Essas campanhas foram financiadas apenas por módicas doações de milhares idealistas como eu.

Proporcionalmente, foram duas das campanhas mais baratas do país e ambas saíram inquestionavelmente vitoriosas. Eduardo Cunha, por exemplo, ~arrecadou~ cerca de 7 milhões de reais (!!!) com financiamentos de bancos – inclusive do banco suíço do qual ele hoje é acusado de ser cliente -, empreiteiras e toda sorte de grandes empresas.

Agora é que vem a parte bizarra da história: o Ministério Público Eleitoral está me processando (e a muitos outros!) por ter doado esses benditos 60 reais!

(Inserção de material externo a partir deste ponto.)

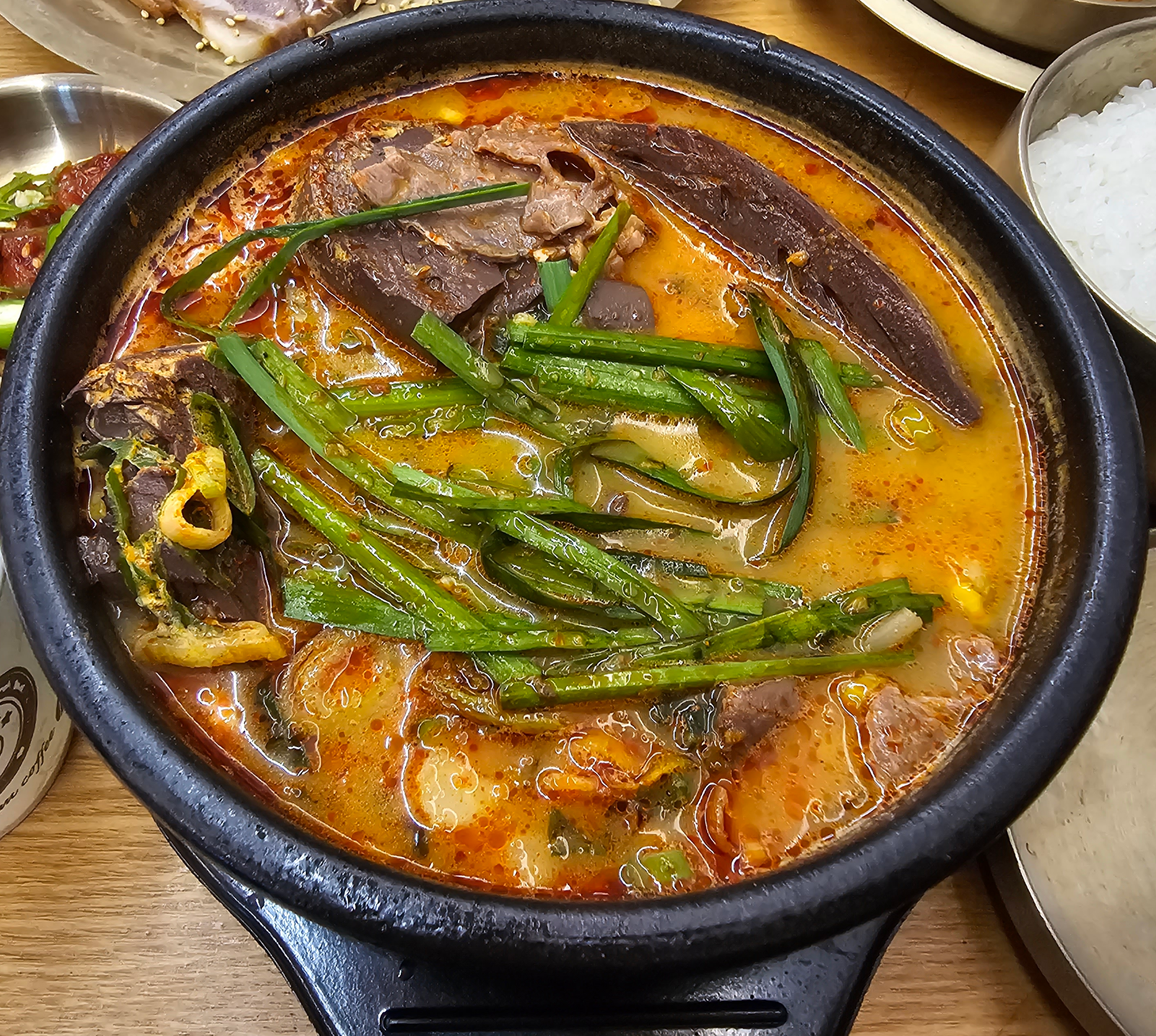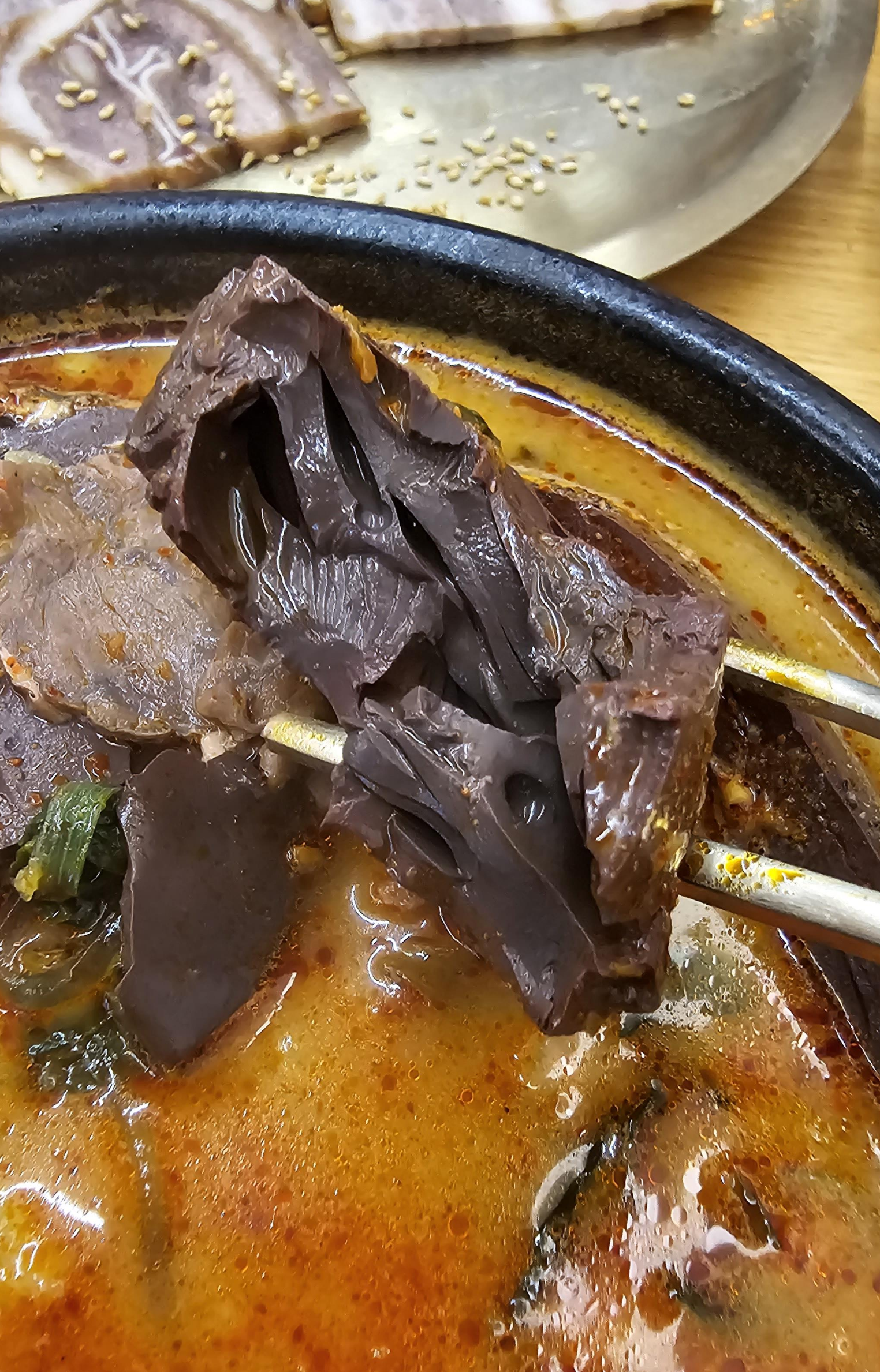 선지는 근래 먹었던 선지 중에 가장 깔끔하고 맛있었던 것 같습니다. 외관도 깨끗하고 맛도 잡내 없이 고소하고 깔끔하게 맛있었습니다. 다만 약간 뼛가루 같은 게 선지에서 조금 씹힐 때도 있더군요. 선지 개수도 어느 정도 덩어리로 4~5덩어리가 들어가 있는 것 같았습니다.

Isso porque a lei eleitoral só permite doações de pessoas físicas até o limite de 10% dos rendimentos no ano anterior à doação…

Fazendo as contas, o MP chegou à genial conclusão de que eu, no ano anterior à doação (2013), tive rendimento bruto menor a 50 reais por mês! hahaha

Os caras, grandes pensadores juristas brasileiros, chegaram a essa conclusão porque, ao quebrarem meu sigilo fiscal (!) perceberam que eu era isento do Imposto de Renda, logo, concluíram que eu não havia tido rendimento NENHUM em 2013 e, portanto, não poderia doar nada pra nenhuma campanha eleitoral…

Evidente que elaborei a minha defesa, fui obrigado, pelos fatos, a anexar meu extrato bancário de todo o ano de 2013 para provar que eu havia tido renda maior do que 50 reais por mês, expliquei para o ilustre “parquet” que um sujeito isento do IR pode doar até 10% do limite da isenção, e fiquei absolutamente seguro de que o Ministério Público Eleitoral entenderia a patacoada que estava fazendo e pediria o arquivamento do processo imediatamente.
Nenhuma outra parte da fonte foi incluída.